“Harvard was my top choice, but I know they have a three percent acceptance rate and after lots of weeks of rejection and waitlisting from other schools with higher acceptance rates, I was ready for the worst.”
Although Cole Harten ’22 might have been ready for anything, anyone that knows him will tell you that his worry was unfounded.
True, for the 2022-23 school year, Harvard University offered admission to only 1,954 students out of 61,220 applicants. But it’s also true that as co-president of Honor Council, co-president of the Science Olympiad team, Mock Trial captain, Academic Team captain, golf team player, tennis team member, and as one of the funniest writers his advisor has even known, Cole is prepared for whatever Harvard will throw his way.
“Cole can take the ordinary and write about it in an engaging and sometimes funny way,” said Chuck McGivern, associate director of college counseling and Cole’s college counselor. “The Harvard admissions rep said that Cole’s college essay was the funniest application she read all year. That’s saying something.”
But Cole is more than a strong writer; he is a well-rounded student who excels in whatever he puts his mind to. His love of language earned him the Martha W. Burton Award in French and he is a Cum Laude Society member for this academic excellence.
At Harvard, he plans on majoring in electrical engineering and possibly computer science.
“I am taking AP computer science this year and really enjoying it; I love the problem-solving aspect of it,” explained Harten. “Electrical engineering is closely related to computer science because with one you deal with the hardware and the other you develop the software so you get to see it from both angles.”
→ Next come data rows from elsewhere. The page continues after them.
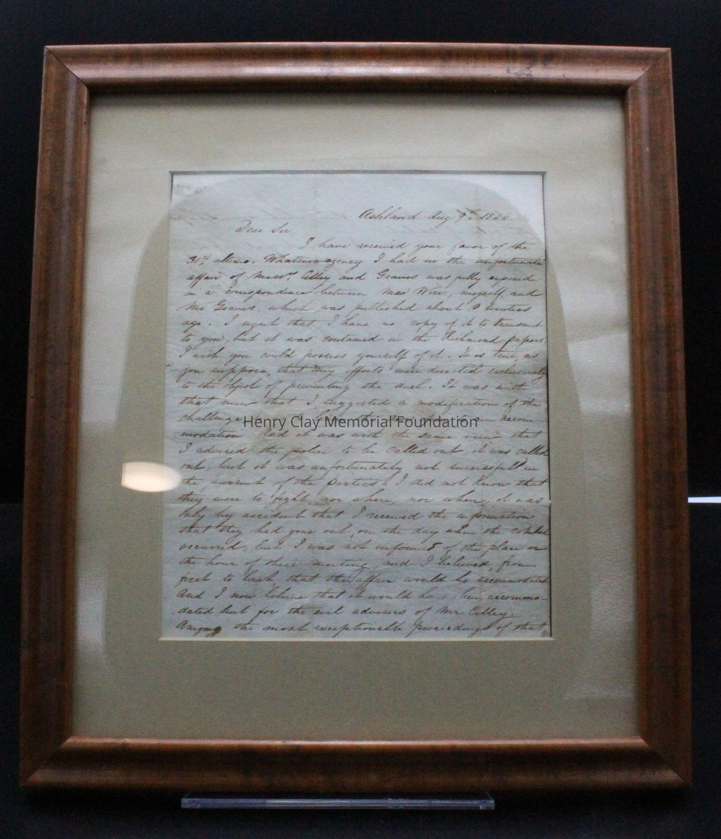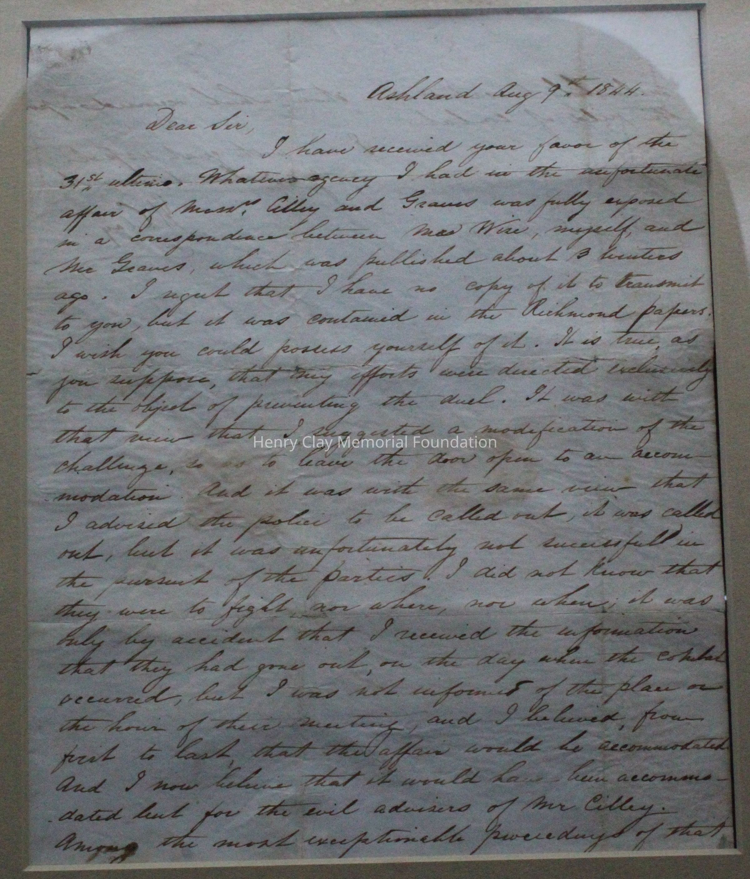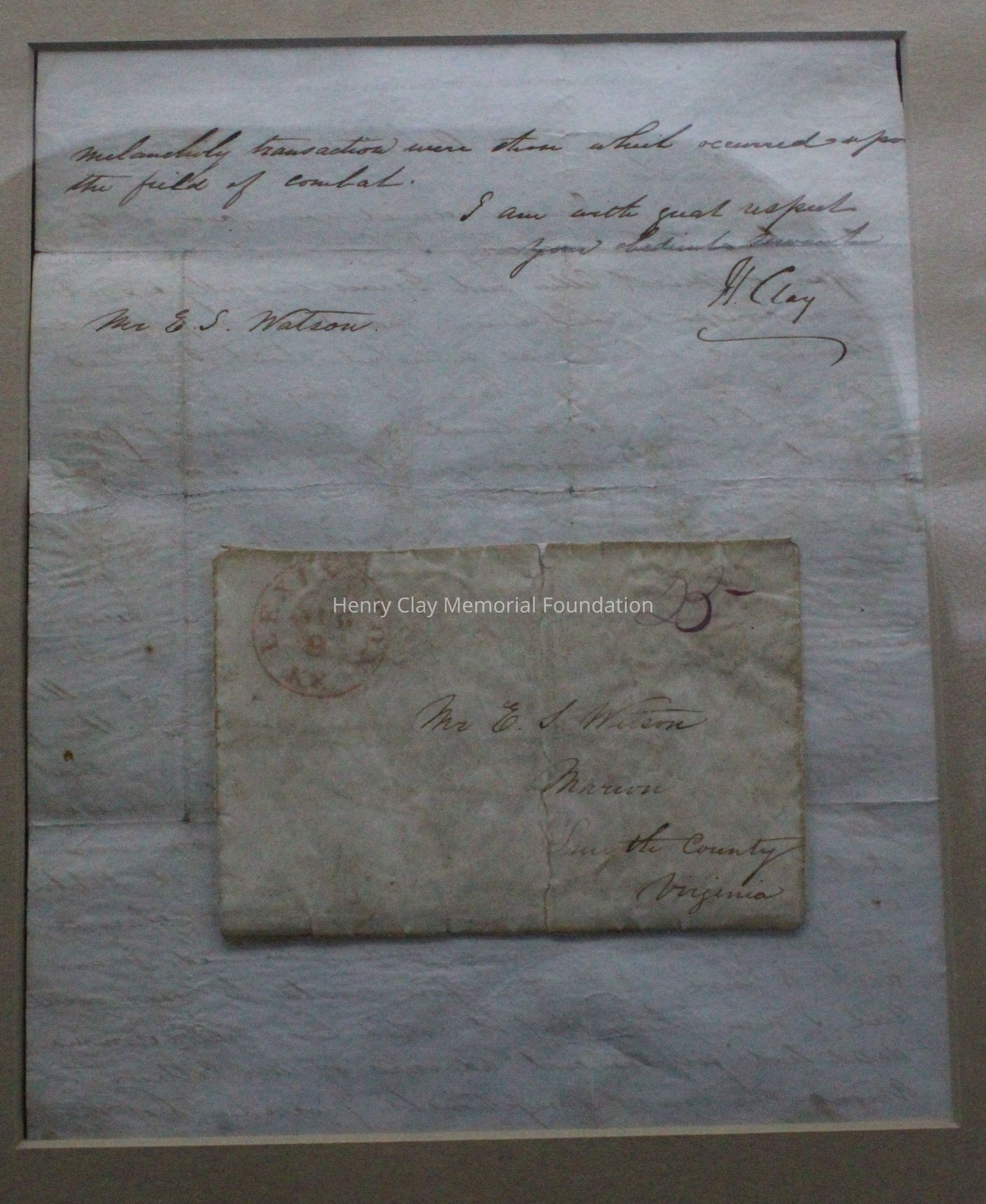 1 letter from Henry Clay to ES Watson 8/9/144 re: Cilley - Graves duel. 1 piece of paper and envelope.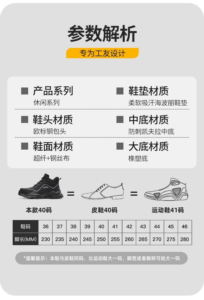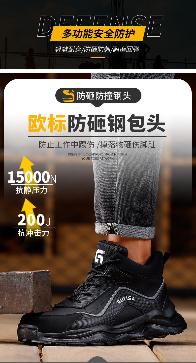 劳保鞋男四季款防砸防刺安全鞋橡塑底轻便高帮工作鞋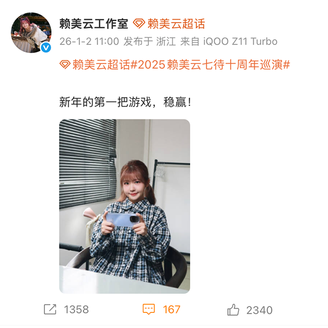@赖美云工作室 在早前的微博中晒出与iQOO Z11 Turbo同框的游戏画面,并配文:「新年的第一把游戏,稳赢!」瞬间点燃粉丝热情,评论区迅速刷屏「战斗精灵配小七,绝了!」「这手机和她一样又美又能打」。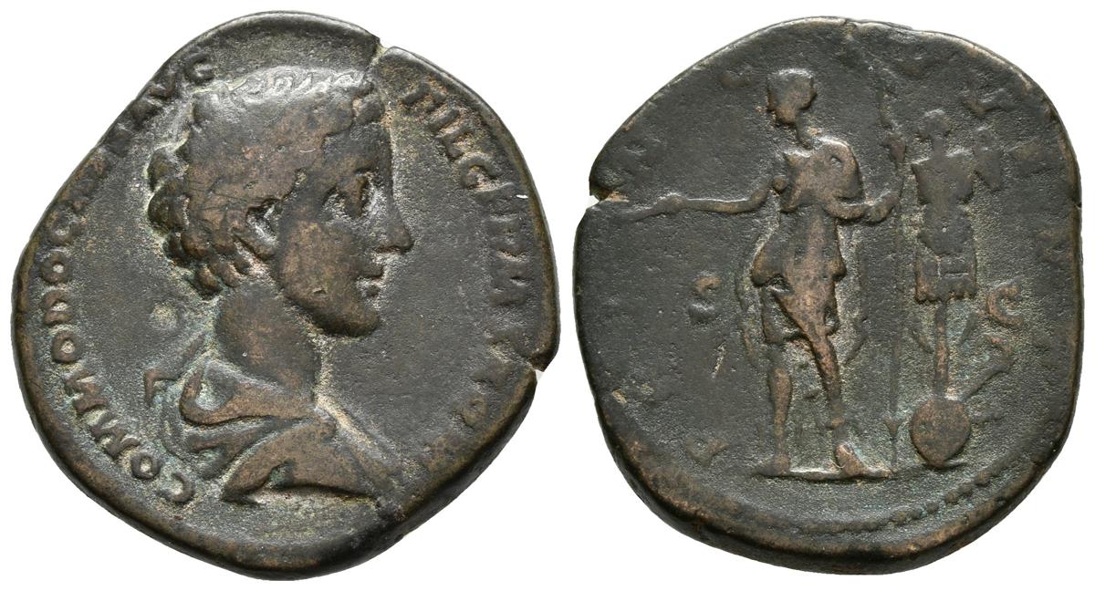 COMODO. As. 172-173 d.C. Roma. A/ Busto drapeado a derecha. COMMODO CAES AVG FIL GERM SARM. R/ Cómodo estante a izquierda portando rama y lanza, a la derecha trofeo. PRINC IVVENT, en exergo S C. RIC 1542; C. 615; BMC 1535. Ae. 9,32g. MBC-. Escasa.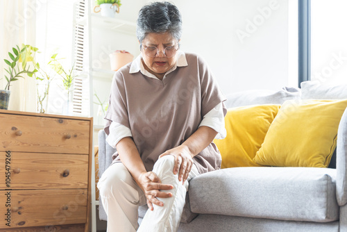 Body arthritis muscles stiff problem, aged woman suffering on leg, pain knee from disease chronic, hand massage rubbing joint injury, mature hurt or sore sitting on sofa at home. Health care people.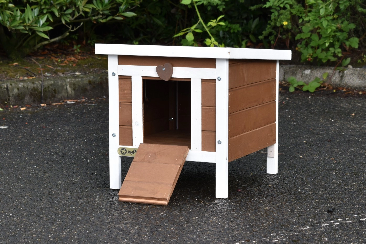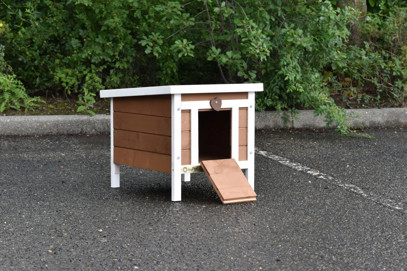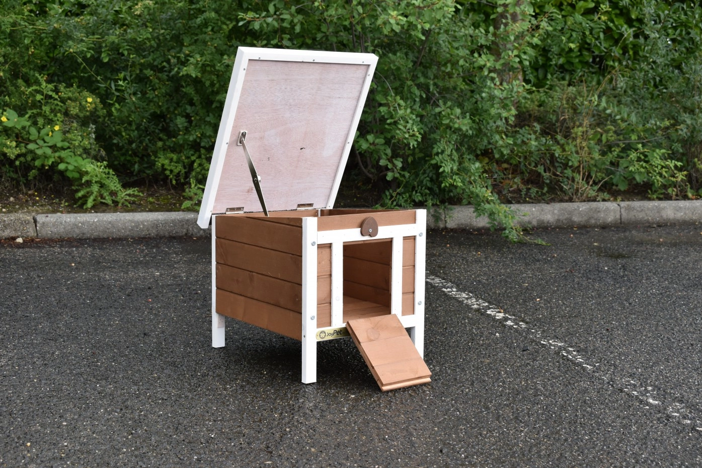 Kattenhuis Petit is een klein, maar handig kattenhuisje. Het bezit een scharnierdak en omdat het huisje zo klein is, is het schoonmaken zo gebeurd. Het kattenhuis Petit is klein en compact. Dit betekent ook dat deze eenvoudig te verplaatsen is. Het kattenhuis kan bijvoorbeeld in een kattenren worden geplaatst, als schuilhok. De maximale afmetingen, inclusief dak, zijn 42x51x43cm.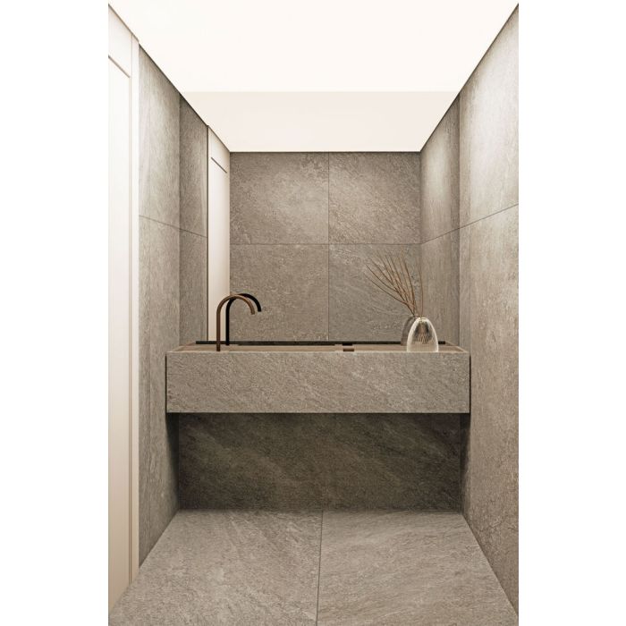 Com superfície texturizada e relevos digitais, o porcelanato proporciona um acabamento diferenciado que simula com perfeição a rusticidade da pedra natural, oferecendo beleza e autenticidade ao ambiente.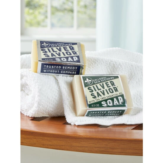 Tea tree oil has long been recognized for its antimicrobial and antiseptic properties, so we thought what better than to add it to our moisturizing Silver Savior soap. Now each bar not only contains the antibacterial power of 99.99% pure colloidal silver to help soothe dry, irritated skin but is also fortified with tea tree oil to aid in reducing inflammation and cleansing the skin of fungus and bacteria. Itβs a real boon for anyone who suffers from such chronic skin conditions as eczema, psoriasis, dermatitis, or athleteβs foot.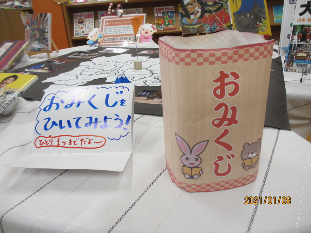 山梨県立ろう学校 > 活動の様子 > 年の初め(図書室) 2021年1月8日カテゴリー: 活動の様子 年の初め(図書室) 年の初めの「本が読みたくなるおみくじ」が 図書室にお目見えしました。 図書の返却に来た幼児生が 今年も素敵な本と出会えますように 図書教養係一丸となって お待ちしております。 初日の7日は大勢の幼児生がおみくじを引き 「大吉!」「えー!」「あの本を読んでみたいな」と いろいろな会話が飛び交っています。 素敵な本との出会いがおとずれますように。
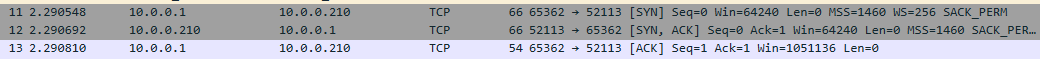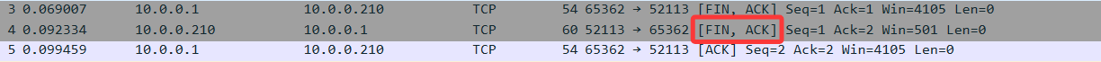 将Xshell断开,发现是三次(由于是我们主动关闭的,FIN和ACK合到一起了)

At the local Harvard Club reception this past spring, Cole ran into a fellow Country Day alumnus who provided him with some reassurance.
“His advice was that I would be much better prepared in terms of writing and being able to think critically and express ideas than most of the other students, at least that was his experience. This is especially important for STEM majors because writing is a critical component that most people don't realize goes hand in hand with things like engineering.”
And what advice does Cole have for current Country Day students?
“Get involved, even beyond clubs…although I would recommend all of them. You're only in high school for four years so I don't understand why someone wouldn't join at least one thing. Maybe you don't have to participate in three academic-based clubs like I did, but if you're interested in science, sign up for Science Olympiad; if you like to debate, do Mock Trial; if you like diplomacy, do Model UN. Everyone should find a club that fits whatever you’re interested in.”
While he’s looking forward to the sense of freedom that college life provides while still being in the protected environment of a close-knit community, he admits that he will probably be homesick and miss his family, friends, and teachers.
“Boston is far away. You can’t easily take a two-hour flight every weekend,” said Harten.
He does plan on continuing to travel, though, even if it’s not to Cincinnati every weekend. Last summer he went to Berlin – the inspiration for one of his hilarious college essays – and this summer he is traveling to Peru and Chile.
“He has the leadership and enormous talent to take him wherever he wants to go,” continued McGivern.